Genetic Epidemiology
|March 26, 2003
Summary
This study introduces a statistical framework for genetic association tests in families with multiple affected children. The new methods offer improved power for detecting disease-gene associations, as demonstrated in sitosterolemia.
Area of Science:
- Genetics
- Statistical Genetics
- Human Genetics
Background:
- Genetic association studies are crucial for identifying genes linked to diseases.
- Existing methods for family-based association testing have limitations, especially with complex family structures.
Purpose of the Study:
- To develop a general statistical framework for association tests using nuclear families with multiple affected children.
- To propose a class of association test statistics for diallelic and multiallelic markers.
- To evaluate the power and performance of the proposed tests compared to existing methods.
Main Methods:
- The framework is based on the symmetry of transmitted/nontransmitted alleles from heterozygous parents under the null hypothesis of no association.
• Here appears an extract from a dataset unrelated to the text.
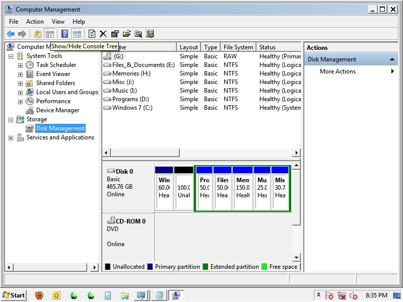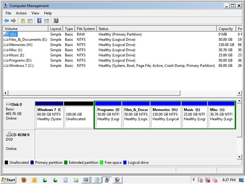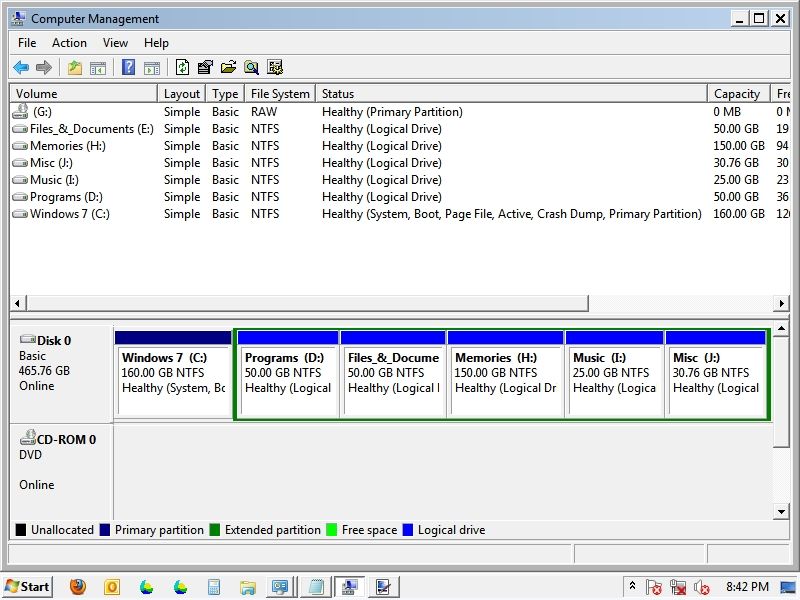 Then I clicked "Delete Volume". Absolutely do not do this until everything that's on the partition is backed up or transferred to the C partition or something. This is where I had problems. It said are you sure you want to delete and I said yes. Then it said the volume is in use and asked if I wanted to force it to delete. I don't like forcing anything on a computer so I said no. I restarted the computer and tried again. It still didn't work. So I restarted and booted in to safe mode. Don't boot in to safe mode unless you get the error that I got. I searched on the internet and it appears that a lot of the time one does not get that error. But if you do, go ahead and restart your computer and then start tapping the F8 key a little bit faster than 1 time per second until the computer gives you the option to boot in to safe mode. If you need to boot in to safe mode, keep reading. If you don't, skip down a ways. 4. So now you've booted in to safe mode. It looks old school right? Go to Start > Control Panel > Administrative Tools > Computer Management. Single click on "Disk Management" now. 5. Since you don't have video drivers loaded in safe mode, there isn't much screen real estate and Disk management looks different in safe mode. See below:

- Proposed test statistics generalize existing tests like the transmission disequilibrium test (TDT) for trios and methods for affected sib pairs/sibships.
- The most powerful test was selected for simulation and real data analysis.
Main Results:
- The proposed association test demonstrated superior power in detecting genetic associations compared to previously published methods when using affected sibships.
- In the analysis of sitosterolemia data, the most significant association (P=0.0012) was found for a marker locus on the same bacterial artificial chromosome as the disease locus.
Conclusions:
- The developed statistical framework provides a robust and powerful approach for family-based genetic association studies.
- The proposed tests are effective in identifying disease-associated loci, particularly in complex family structures.
- The findings in sitosterolemia highlight the utility of the new methods in real-world genetic research.